Keith also used the guitar to record some of
The Stones earliest hits including,
“Little Red Rooster,” “Time is on My Side,” “The Last Time,” “Get Off My
Cloud,” “Let’s Spend the Night Together” and "Satisfaction".
Richards
also lent it out. Jimmy Page used it on at least one mid-’60s sessions and Eric
Clapton used the ‘burst in 1966 with Cream at the Windsor Jazz & Blues
Festival. In 1967, Keith sold the guitar to his future Rolling Stones bandmate
Mick Taylor: you can see Taylor playing it in the movie of the Stones at the
infamous Altamont Speedway in 1969, Gimme Shelter.
Paul
Kossoff
In the
late 1960s, Free’s Paul Kossoff was another Les Paul devotee of the U.K
blues-rock scene. His main recording guitar was a ’59 sunburst Les Paul, Koss
also played his 3-pickup black mid-50’s Les Paul Custom through Marshall and
Laney amps and other Les Paul Standards.
Peter
Green
Another
Brit who used Les Pauls to stunning effect in the Brit blues boom was Peter
Green. His ’59 burst had a distinct, sweet tone due to a pickup mod. Green says
he reversed a magnet in the neck position humbucker while tinkering with the
guitar: another tale has a repairman accidentally re-winding a pickup in
reverse. But its “out of phase” tone became legendary in the late ‘60s with
Fleetwood Mac. Green later sold the fabled LP to the late Gary Moore.
Michael
Bloomfield
Chicago’s
Mike Bloomfield played an early 1950s Gibson Les Paul Goldtop on Bob Dylan’s
Highway 61 Revisited. But as with Eric Clapton in the U.K, Bloomfield’s use of
a sunburst proved highly influential in the U.S. His ’burst was a 1959 Les Paul
Standard bought from guitar expert Dan Erlewine, then guitarist for Michigan
band Prime Movers. The Gibson Custom Shop later recreated every detail as the
Mike Bloomfield 1959 Les Paul Standard.
Bloomfield
played his ’59 burst in the Electric Flag, on Super Session and The Live
Adventures of Mike Bloomfield and Al Kooper, and on Live at Bill Graham’s
Fillmore West. Vintage guitar expert George Gruhn credits Bloomfield’s Les Paul
playing as kick-starting the collectors ’burst market in the U.S.
George
Harrison
The
Beatles’ George Harrison was usually associated with other guitars, but his
“Lucy” Gibson Les Paul remains an icon. It was used by Harrison on many
latter-day Beatles recordings, and was given to George by Clapton – there were
a lot of Les Paul love in 1960s England!
Like
Beck’s blonde LP and Neil Young’s “Old Black,” it was another refin.
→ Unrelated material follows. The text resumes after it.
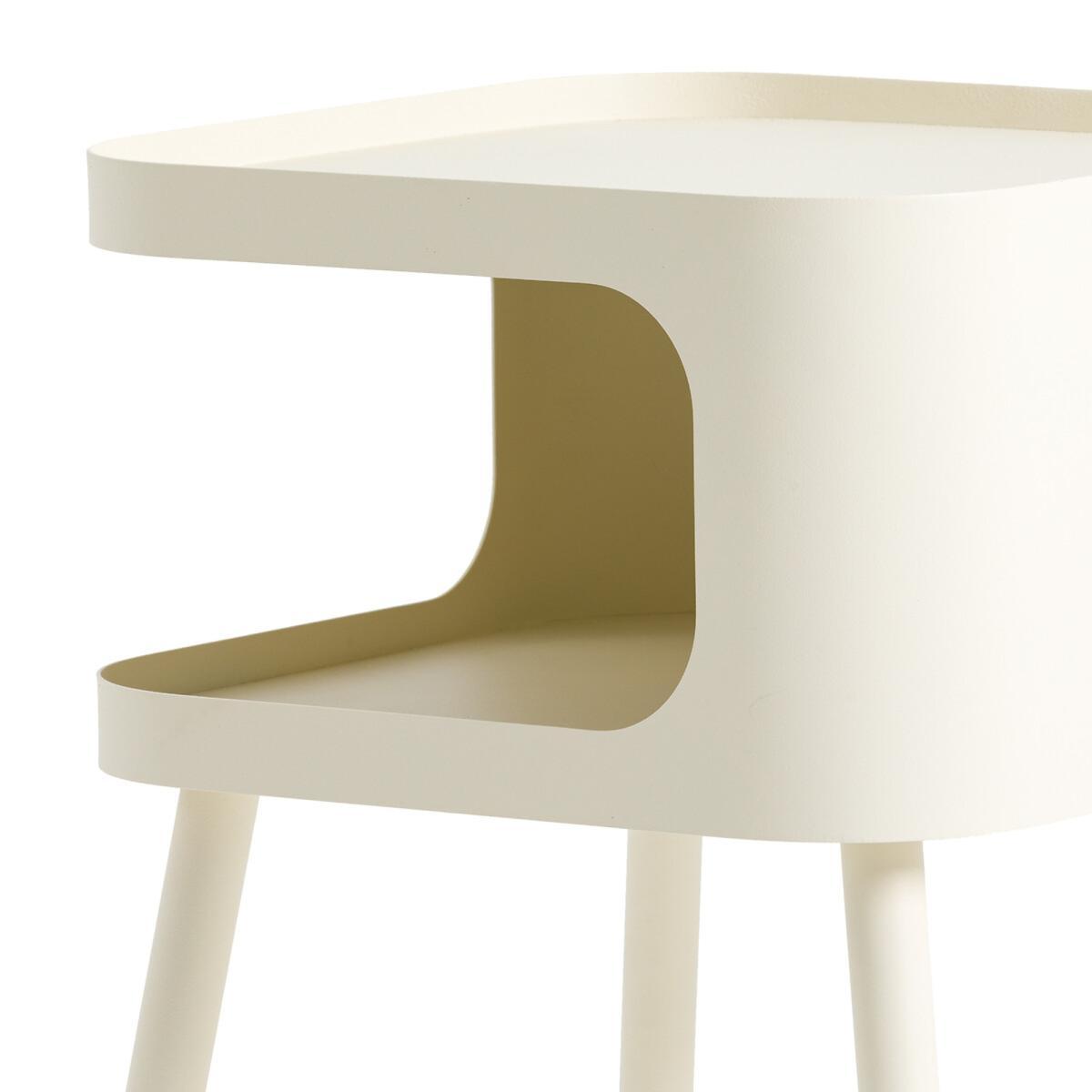The Malakou bedside table. A bedside table with a storage compartment and tabletop with a small rim. Product Details: - In metal with an epoxy finish. - 1 compartment - Adjustable legs - Sold with legs for self-assembly. Dimensions:: - L35 x H50 x D35cm Dimensions and weight of package: - L41 x H27.5 x D41cm, 7.2kg

It was
originally a 1957 Goldtop with Bigsby vibrato that belonged to Lovin'
Spoonful's guitarist John Sebastian, then Rick Derringer, then Eric Clapton. EC
gave it to George as a gift in August of 1968… only for Clapton to himself play
it on The Beatles’ “While My Guitar Gently Weeps” a month later. Harrison used it in the
"Revolution" promo film and the sessions for Let It Be and Abbey
Road. It was the guitar Harrison played on The Beatles “Something,” and it was
still in George’s possession when he passed away.